Stored items:
◇ ◇ ◇

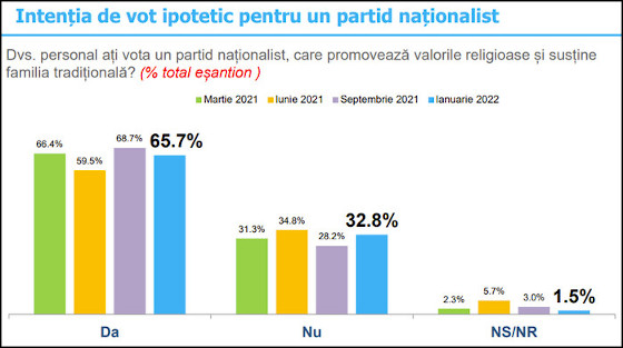 Astfel, 65,7% dintre români ar vota un partid naţionalist, care promovează valorile religioase şi susţine familia tradiţională. Este un procent care practic se menţine de un an de zile. Mai exact, în martie 2021 intenţia de vot pentru un partid naţionalist se situa la 66,4%, în iunie 2021 la 59,5%, iar în septembrie 2021 la 68,7%. De partea cealaltă, 32,8% dintre repondenți au declarat că nu ar acorda votul unei asemenea formaţiuni.
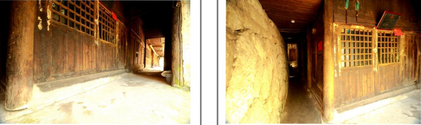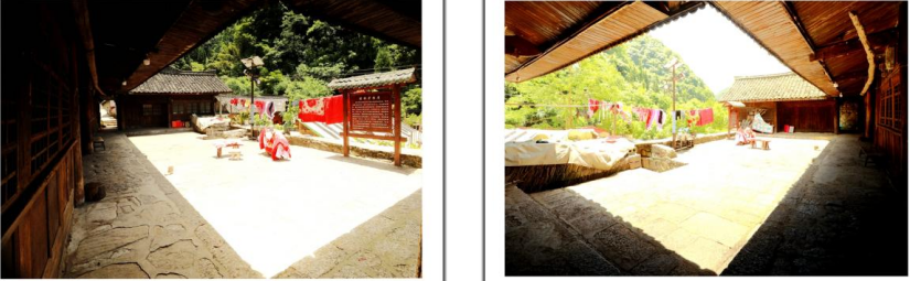 苗族老祖屋正房南北向,落地式结构,一楼一底,居中一进的前间为堂屋,较东西两进略有退缩 ,退缩部分形成比较宽敞的堂檐。整个堂檐和滴水之内的屋檐下,以石板通铺,特别是堂檐石板,长丈二,宽八尺,重吨余。
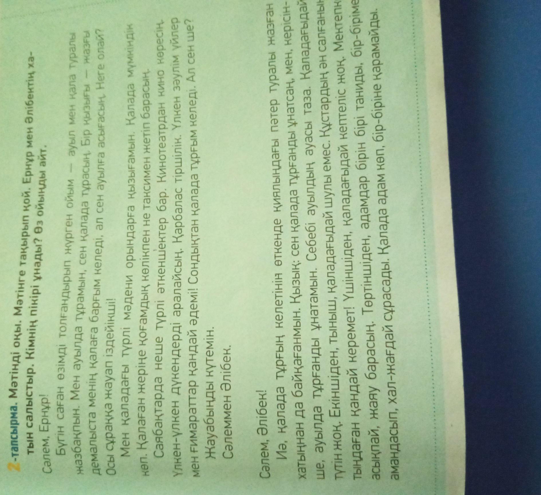 АЙТЫЛЫМ 5-тапсырма. Рөлдік ойын: Әнел мен Әлібектің атынан диалог құрыңдар. Талданатын тақырып: «Менің болашақ пәтерім». Сөйлесушілердің әрқайсысы өзі қалаған пәтердің артықшылығын, әсемдігін айтып, сөз таластыруы шарт. ПОМОГИТЕ СРОЧНО!!!
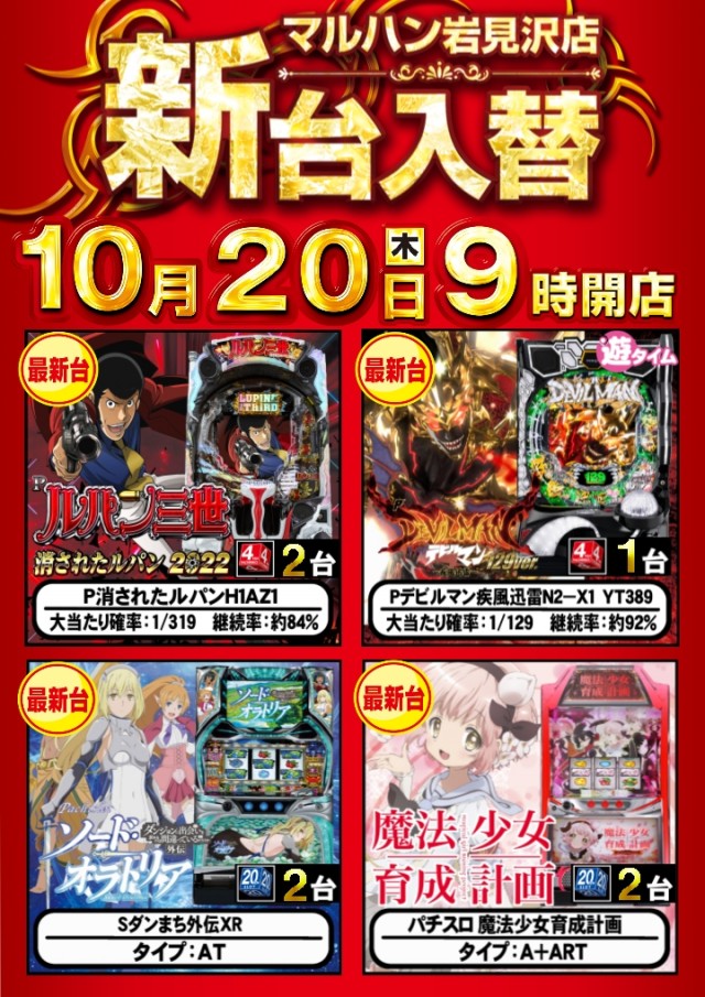 10月20日[木] 【新台入替】です!!
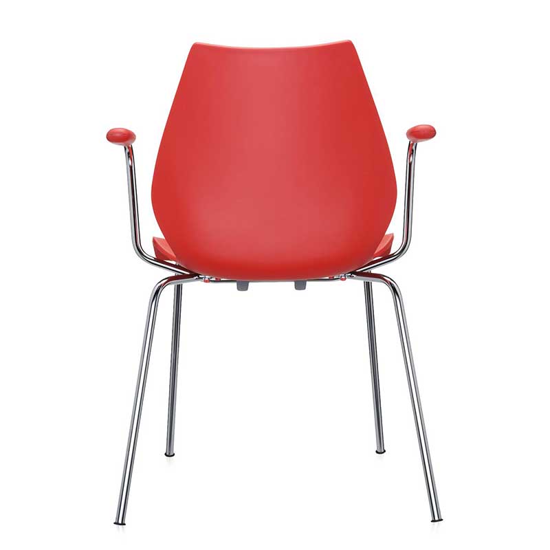ハワイのマウイ島火山をイメージしてデザインされたチェアです。シートと背もたれが一体となったボディは強度と耐久性に優れているポリプロピレンが使用されており、クロームメッキ仕上げのスチール製フレームに固定されています。エレガントなシルエットでダイニングルームや書斎などのホームシーンから、オフィスやレストランなどコントラクトシーンにもぴったりです。コンパクト設計により5脚までスタッキング可能です。
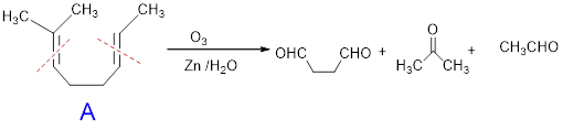 An unsaturated hydrocarbon ‘A’ adds two molecules of H2 and on reductive ozonolysis gives butane-1,4-dial, ethanal and propanone. Give the structure of ‘A’, write its IUPAC name and explain the reactions involved.
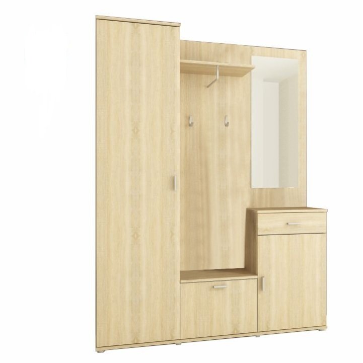 Praktická predsieňová zostava v obľúbenom prevedení dub sonoma, vyrobená na Slovensku z kvalitnej laminovanej drevotriesky. Ponúka dostatok úložného priestoru v podobe troch skriniek vrátane jednej so šuplíkom, vešiakovej steny a elegantného zrkadla
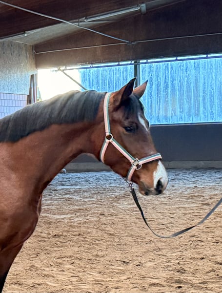 Zum Verkauf steht eine schicke 4 jährige Stute von Perigueux x Valentino. Die Stute wurde als Fohlen vom Züchter gekauft und ist auch dort weiter aufgewachsen. 3 jährig wurde sie schonend eingeritten und hat anschließend den Sommer auf der Weide verbracht . Nun ist sie wieder im Stall und langsam wieder im Training. Sie ist eine sensible und gehfreudige Stute. Im Umgang hat sie einen guten und einwandfreien Charakter . Die Springtechnik ist gut und schnell. Manchmal steht sie sich auf Grund ihrer Energie noch etwas selbst im Weg, aber dies bessert sich. Auf Grund von Familienzuwachs suchen wir ein gutes zu Hause für die Stute . Ein Züchter TÜV liegt bereits vor . Weitere Fragen gerne per Nachricht oder Telefon .

◇ ◇ ◇

== Your instructions ==
Could you set down, exactly as written, every line from the one with "An unsaturated hydrocarbon" to the end of the data, both ends included? Leave out the pictures.

== Solution to this exercise ==
 An unsaturated hydrocarbon ‘A’ adds two molecules of H2 and on reductive ozonolysis gives butane-1,4-dial, ethanal and propanone. Give the structure of ‘A’, write its IUPAC name and explain the reactions involved.
 Praktická predsieňová zostava v obľúbenom prevedení dub sonoma, vyrobená na Slovensku z kvalitnej laminovanej drevotriesky. Ponúka dostatok úložného priestoru v podobe troch skriniek vrátane jednej so šuplíkom, vešiakovej steny a elegantného zrkadla
 Zum Verkauf steht eine schicke 4 jährige Stute von Perigueux x Valentino. Die Stute wurde als Fohlen vom Züchter gekauft und ist auch dort weiter aufgewachsen. 3 jährig wurde sie schonend eingeritten und hat anschließend den Sommer auf der Weide verbracht . Nun ist sie wieder im Stall und langsam wieder im Training. Sie ist eine sensible und gehfreudige Stute. Im Umgang hat sie einen guten und einwandfreien Charakter . Die Springtechnik ist gut und schnell. Manchmal steht sie sich auf Grund ihrer Energie noch etwas selbst im Weg, aber dies bessert sich. Auf Grund von Familienzuwachs suchen wir ein gutes zu Hause für die Stute . Ein Züchter TÜV liegt bereits vor . Weitere Fragen gerne per Nachricht oder Telefon .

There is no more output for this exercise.